_Records shown:_
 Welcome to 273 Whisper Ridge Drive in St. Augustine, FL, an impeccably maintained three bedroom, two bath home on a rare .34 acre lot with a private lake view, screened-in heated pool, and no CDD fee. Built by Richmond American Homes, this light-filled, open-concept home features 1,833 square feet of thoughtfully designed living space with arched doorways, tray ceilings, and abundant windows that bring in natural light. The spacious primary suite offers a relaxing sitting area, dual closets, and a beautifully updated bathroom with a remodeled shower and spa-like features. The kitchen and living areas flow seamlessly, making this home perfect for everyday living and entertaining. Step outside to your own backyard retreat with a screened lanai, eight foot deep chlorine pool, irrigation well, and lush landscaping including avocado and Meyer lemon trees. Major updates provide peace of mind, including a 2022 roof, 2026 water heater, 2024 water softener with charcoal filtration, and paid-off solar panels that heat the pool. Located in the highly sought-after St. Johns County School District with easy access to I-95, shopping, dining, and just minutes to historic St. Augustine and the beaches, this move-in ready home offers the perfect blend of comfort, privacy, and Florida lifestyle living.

--

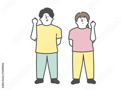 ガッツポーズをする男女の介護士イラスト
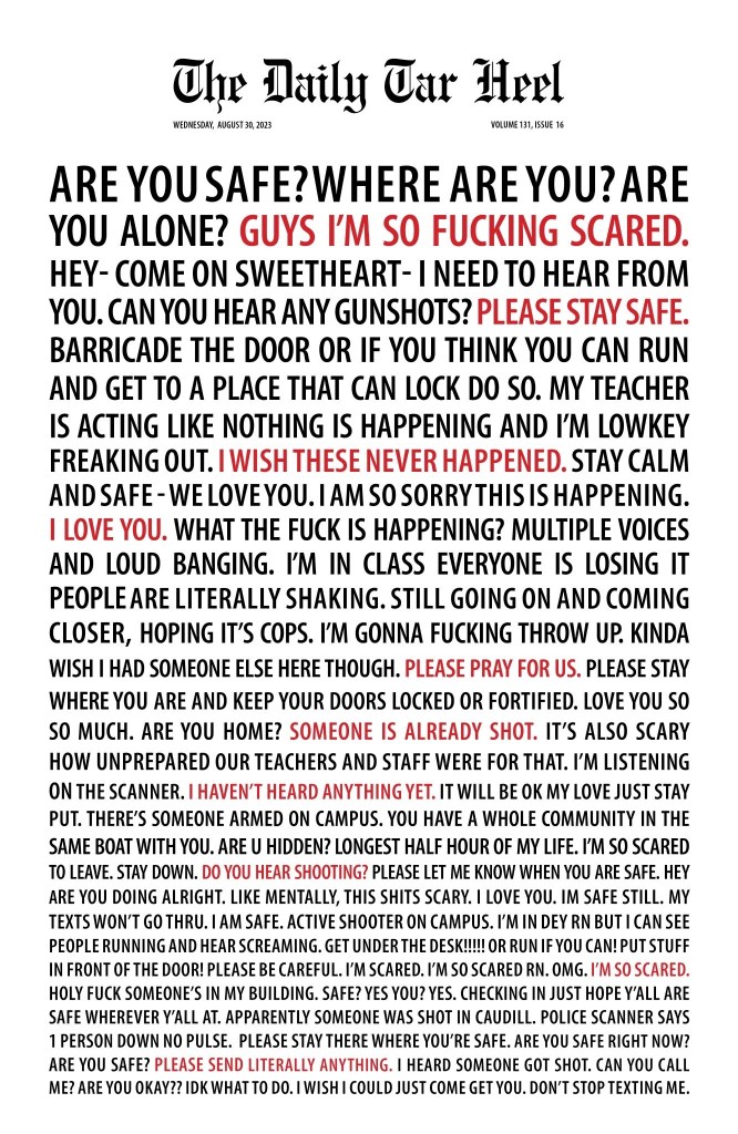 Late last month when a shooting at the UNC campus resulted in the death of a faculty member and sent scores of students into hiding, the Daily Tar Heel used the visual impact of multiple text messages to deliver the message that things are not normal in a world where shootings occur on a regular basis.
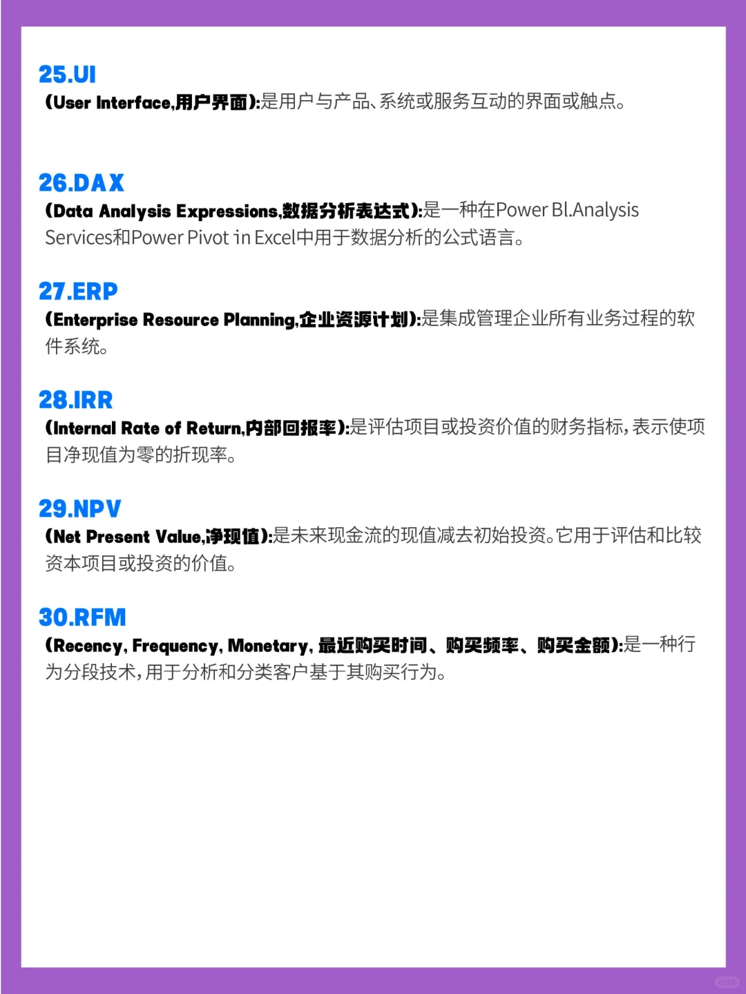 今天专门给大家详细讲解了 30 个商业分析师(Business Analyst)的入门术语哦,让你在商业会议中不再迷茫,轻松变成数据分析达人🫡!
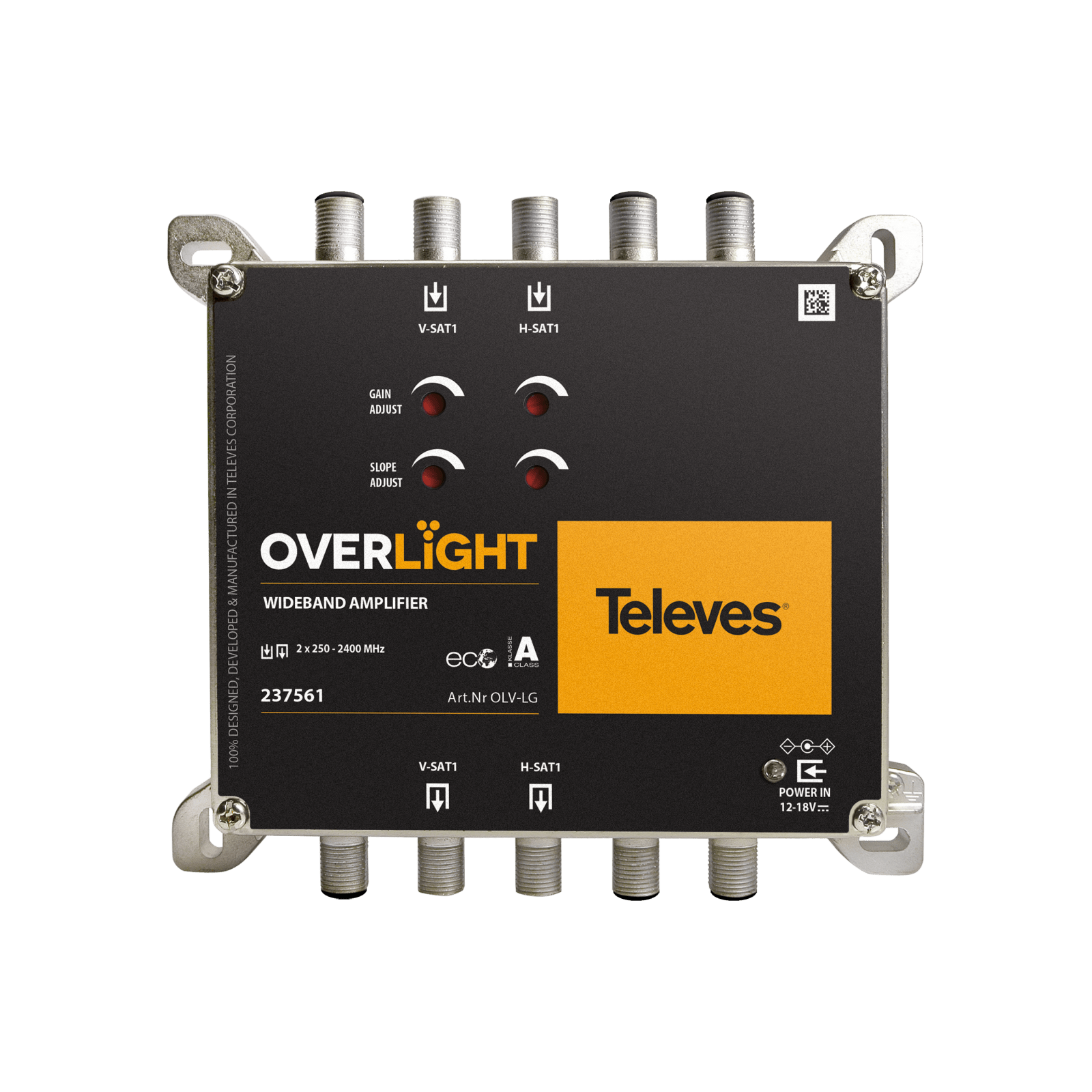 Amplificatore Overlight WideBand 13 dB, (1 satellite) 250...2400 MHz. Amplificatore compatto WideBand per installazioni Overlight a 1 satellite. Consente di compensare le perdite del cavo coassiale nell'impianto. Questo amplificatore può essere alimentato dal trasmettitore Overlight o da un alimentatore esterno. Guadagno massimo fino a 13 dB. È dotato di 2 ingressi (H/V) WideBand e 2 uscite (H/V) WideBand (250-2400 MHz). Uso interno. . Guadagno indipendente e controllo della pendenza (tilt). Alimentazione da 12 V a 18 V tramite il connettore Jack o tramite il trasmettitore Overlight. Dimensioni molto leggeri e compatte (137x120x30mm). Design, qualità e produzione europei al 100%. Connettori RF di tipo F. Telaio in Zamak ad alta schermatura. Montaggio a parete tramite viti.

--

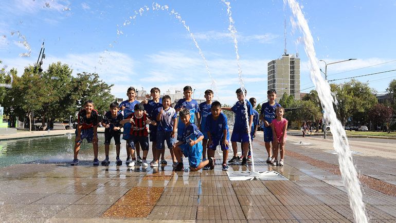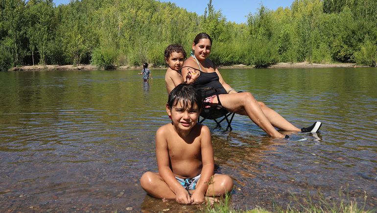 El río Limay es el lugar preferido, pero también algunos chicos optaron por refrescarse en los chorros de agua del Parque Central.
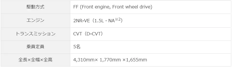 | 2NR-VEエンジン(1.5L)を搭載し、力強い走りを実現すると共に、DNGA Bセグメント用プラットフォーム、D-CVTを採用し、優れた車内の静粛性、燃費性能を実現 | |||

_Instructions for the task:_
In the listing above, find the line containing "El río Limay" and the line containing "Bセグメント用プラットフォーム、D-CVTを採用し、優れた車内の静粛性、燃費性能を実現 | |||"; print those lines and every line between them exactly, leaving out pictures.

_Response to this task:_
 El río Limay es el lugar preferido, pero también algunos chicos optaron por refrescarse en los chorros de agua del Parque Central.
 | 2NR-VEエンジン(1.5L)を搭載し、力強い走りを実現すると共に、DNGA Bセグメント用プラットフォーム、D-CVTを採用し、優れた車内の静粛性、燃費性能を実現 | |||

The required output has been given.